Here's the short review: It should have been named: M. Night Shyamalan’s The CRAPppening. Would-be viewers should save their $5, money better spent on a Taco Bell cheesy double beef burrito. Not a good date flick. Not something anyone should expose their children to. Possibly the last nail in a once-entertain and brilliant man's coffin.

Following a rant, is my long review.

First, the rant. Nothing makes my stomach churn like the smell of an overflowing Port-O-Let in the middle of a Mississippi summer, EXCEPT the assertions of "Intelligent Design." The teleological argument is that organic life as we know it is so complex and exact in purpose that it (ie: "life") could not come about randomly, through some chaotic "theory of evolution." Nay, brother. Nay, I say. It had to be created by an "Intelligent Designer," with a purpose in mind. Right? Fundamentally, Intelligent Design replaces Nature (capital "N") with God (capital "G.")

Now, the review. M. Night Shyamalan’s The CRAPppening is a poorly disguised Trojan Horse filled with Intelligent Design invaders. Marky Mark isn't on the screen for two minutes before his character (Elliot Moore) proclaims to his young students that evolution "is just a theory." And, of course, he drags out the already-cliche-argument "acts of nature can never be fully explained." And the movie does not get any better from there.

I'll concede that there are some clever scenes of dead people. And scenes of living people becoming dead people.

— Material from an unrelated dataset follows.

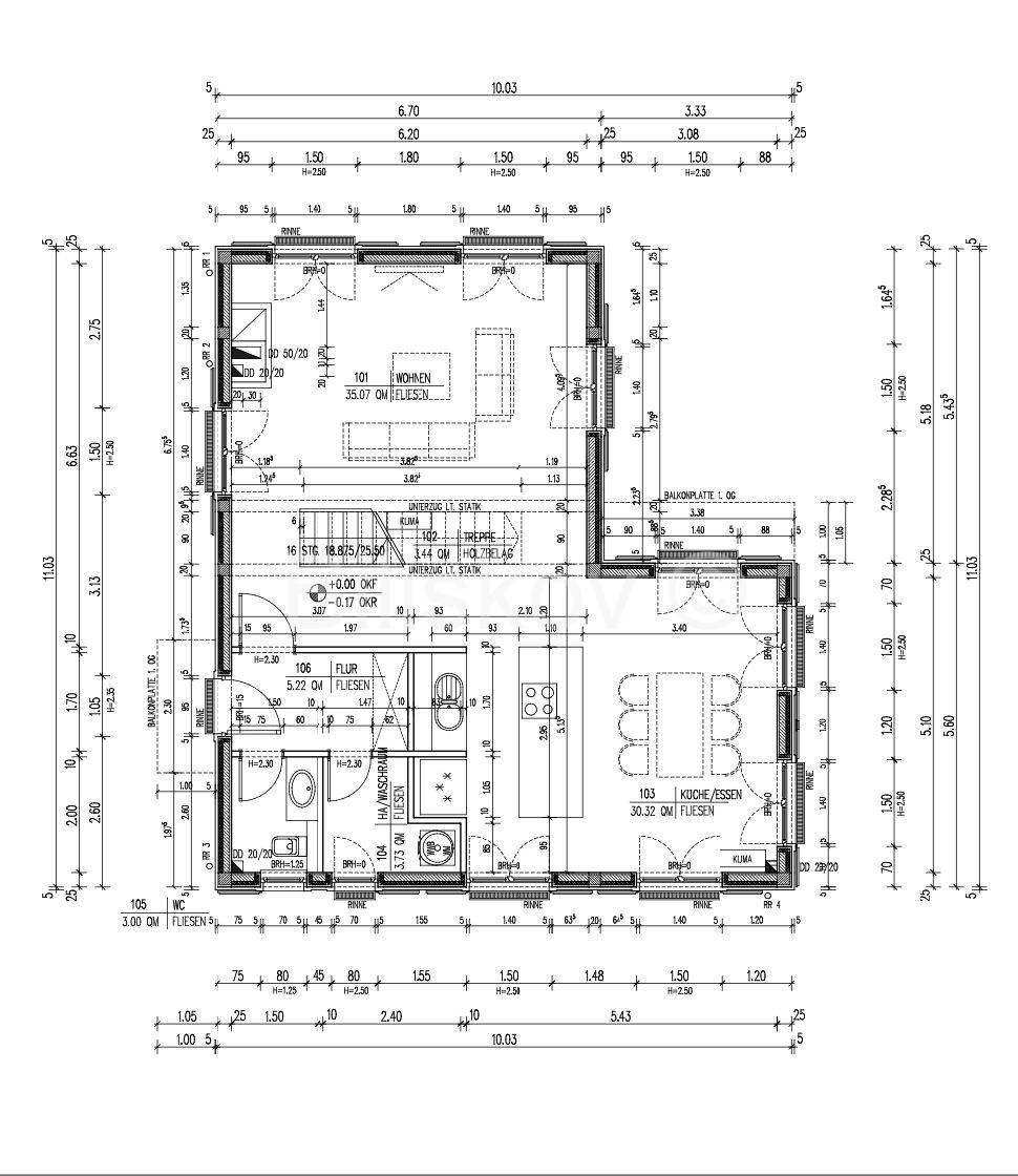U prizemlju se nalazi veliki dnevni boravak u sklopu blagovaone i kuhinje, sprema i kupaona.

There is an interesting idea lingering through out the film about Nature's ability to defend itself. Until I realize the allegory is that offending Nature is actually offending God, and Nature's wrath (in the form of a mighty, unstoppable, and inescapable wind) is actually God's wrath.

And there are a couple of humorous moments, mainly centered around a potentially crazy botanist and his wieners.

But the movie does even remotely approach its true potential. It doesn't show the collapse of society in any grand scope. It doesn't reveal any ghastly details of the supposed damage being done to Nature. It doesn't suggest any unusual or insightful cures to the repair the harm we've inflicted.

After the first scene of the Jews fleeing Egypt, I mean the characters escaping New York, the writing is predicable and boring. The dialog is useless and unsurprising. The limited special effects aren't able to support the rest of the movie's shortcomings. And the amazingly diverse collective of rapidly dwindling protagonists neither says nor does anything to make their soon-to-be-snuffed lives memorable. Nothing the characters say or do matters between the beginning and the end of the movie. They may as well just stood in place, saying nothing for an hour and some change. I would have been equally bored.

And, M. Night Shyamalan doesn't even give me the courtesy of a reacharound by providing some kind of mind-altering twist at the end. No, he doesn't. "Events like this, just... end... suddenly," he tells me. And the event ends.

But M. Night Shyamalan’s The CRAPppening doesn't end soon enough.